START Given material
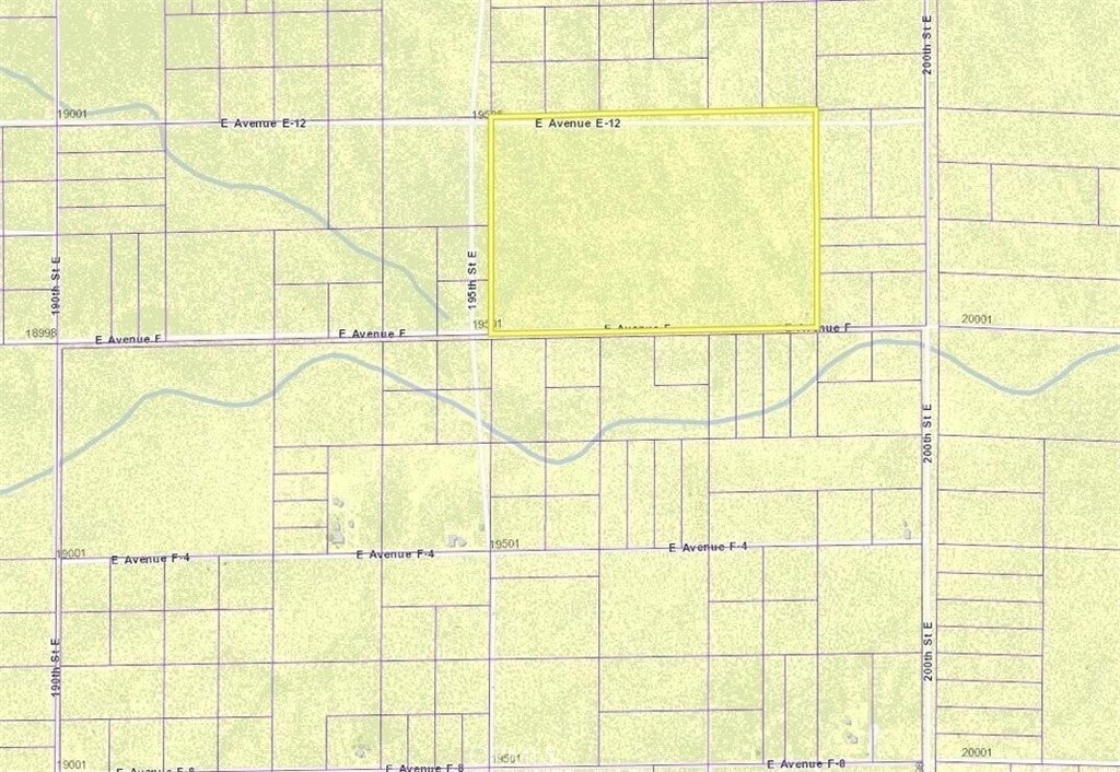 61.79 flat acres in the Hi Vista area of East Lancaster. The lot has 2011 feet of frontage on Ave F and 1339 feet along 195th St E to Ave E12 which runs along the north border of the lot. APN 3316-010-028. Power poles are a quarter mile away on 195th St E and about 700 feet away on 200th St E. Zoned A11 for agriculture, animals, and a home. Located close to the ''Kill Bill'' church film site.
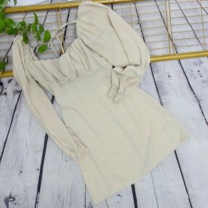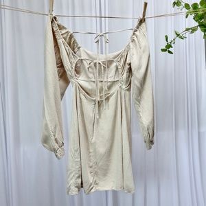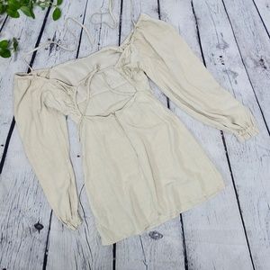 Long Sleeve mini linen dress by Forver 2 in tan. Dress ties and is open in the back. There is a manufacture defect with the ties. Please see pictures
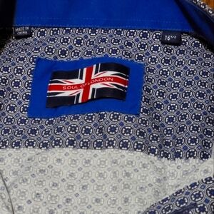 Soul of London Men's Dress Shirt 16.5 | Blue Pattern | Modern Fit
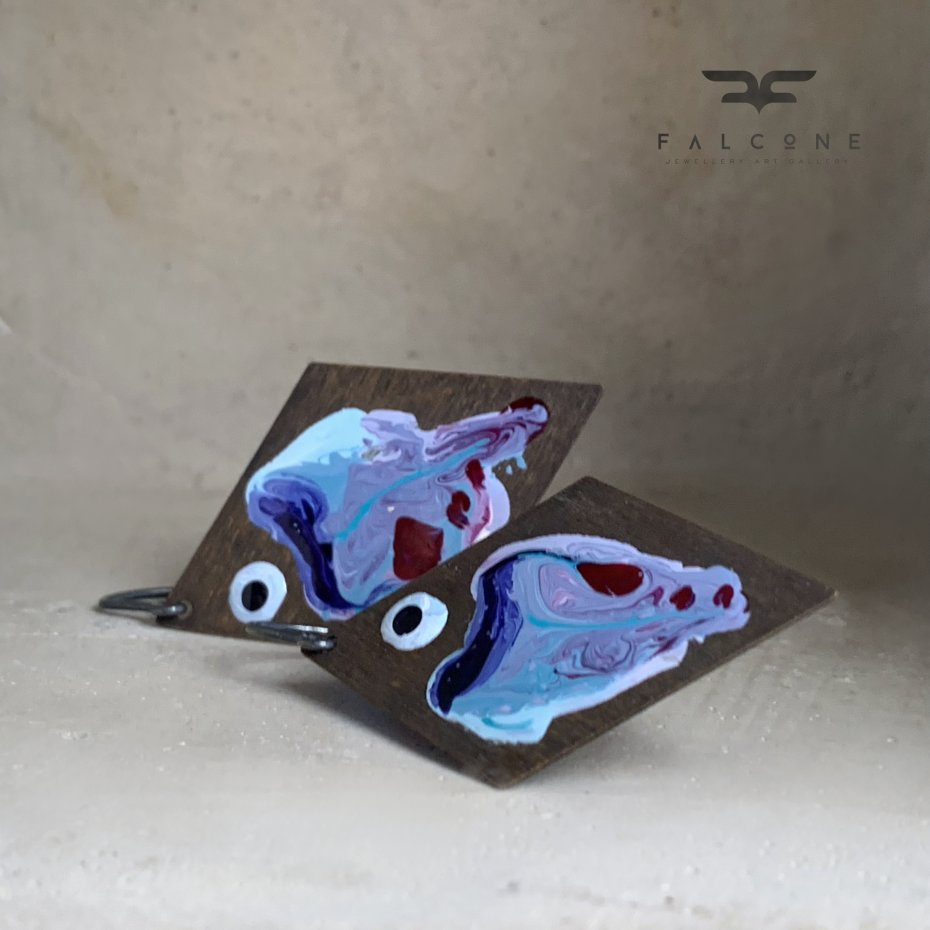 Unikalne kolczyki. Pojedynczy egzemplarz. Duże, efektowne kolczyki z mosiądzu, z motywem ryb. Mosiądz fakturowany, repusowany, o drapanej powierzchni patynowanej na chłodny brąz. Ryby zdobione ręcznie emalią w tonacjach błękitu, granatu i turkusowej zieleni, z domieszką fioletu i rubinu. Kolorystyka utrzymana w chłodnych barwach. Bigle typu haki ze srebra 925. Szerokość kolczyków to ok. 3 cm. Długość kolczyków to ok. 5 cm.
END Given material
Task brief | Output the data exactly as it appears. The pictures do not belong in it.

Exercise answer |
 61.79 flat acres in the Hi Vista area of East Lancaster. The lot has 2011 feet of frontage on Ave F and 1339 feet along 195th St E to Ave E12 which runs along the north border of the lot. APN 3316-010-028. Power poles are a quarter mile away on 195th St E and about 700 feet away on 200th St E. Zoned A11 for agriculture, animals, and a home. Located close to the ''Kill Bill'' church film site.
 Long Sleeve mini linen dress by Forver 2 in tan. Dress ties and is open in the back. There is a manufacture defect with the ties. Please see pictures
 Soul of London Men's Dress Shirt 16.5 | Blue Pattern | Modern Fit
 Unikalne kolczyki. Pojedynczy egzemplarz. Duże, efektowne kolczyki z mosiądzu, z motywem ryb. Mosiądz fakturowany, repusowany, o drapanej powierzchni patynowanej na chłodny brąz. Ryby zdobione ręcznie emalią w tonacjach błękitu, granatu i turkusowej zieleni, z domieszką fioletu i rubinu. Kolorystyka utrzymana w chłodnych barwach. Bigle typu haki ze srebra 925. Szerokość kolczyków to ok. 3 cm. Długość kolczyków to ok. 5 cm.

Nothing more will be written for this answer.